I doubt it's fuel pressure just because it doesn't seem common with these. Your problem however does seem.
Could it be a head gasket - leaking water into cylinders which means it doesn't run right for the first few seconds, until the water is cleared?
The coolant temp sensor is easy to test, it looks like this on a later model

but if an earlier model will be smaller and 2 prong but in the same general area... you'll figure it out.
Test with multimeter, figures should be 300-350 ohms at 80 deg
100-1400 ohms at 40 deg
~4000 ohms at 10 deg C
and so on

From experience I'd think if it the coolant temp sensor you'd get constant idling issues as opposed to just temporary. Also did you know you can run the car without the ECU and it will pretty much run perfectly? The computer stuff isn't all that important on these, strangely.

My replies aren't normally so comprehensive but I was looking at these yesterday...
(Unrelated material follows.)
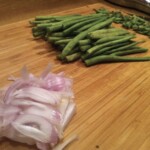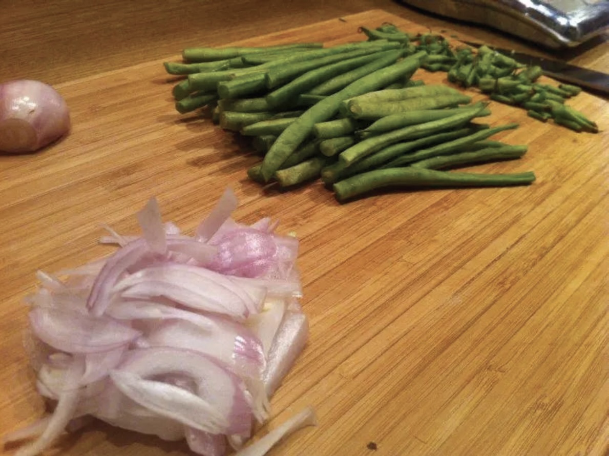 Przygotowanie warzyw: Poszatkuj szalotkę i oczyść fasolkę szparagową.

Oh just had a thought could be leaking its fuel pressure out the EHA which looks like this (under the airbox)
and can leak itself or out of the o-rings sealing it in. Was it off and see if it starts to leak overnight I guess? I got a spare one + the seals from a scrappy for £2 but Merc would want more like £60-80.
bit if you remove the whole airbox it's a huge faff because the pipes come off underneath; if you don't connect them back up you'll really know about it it will idle terribly.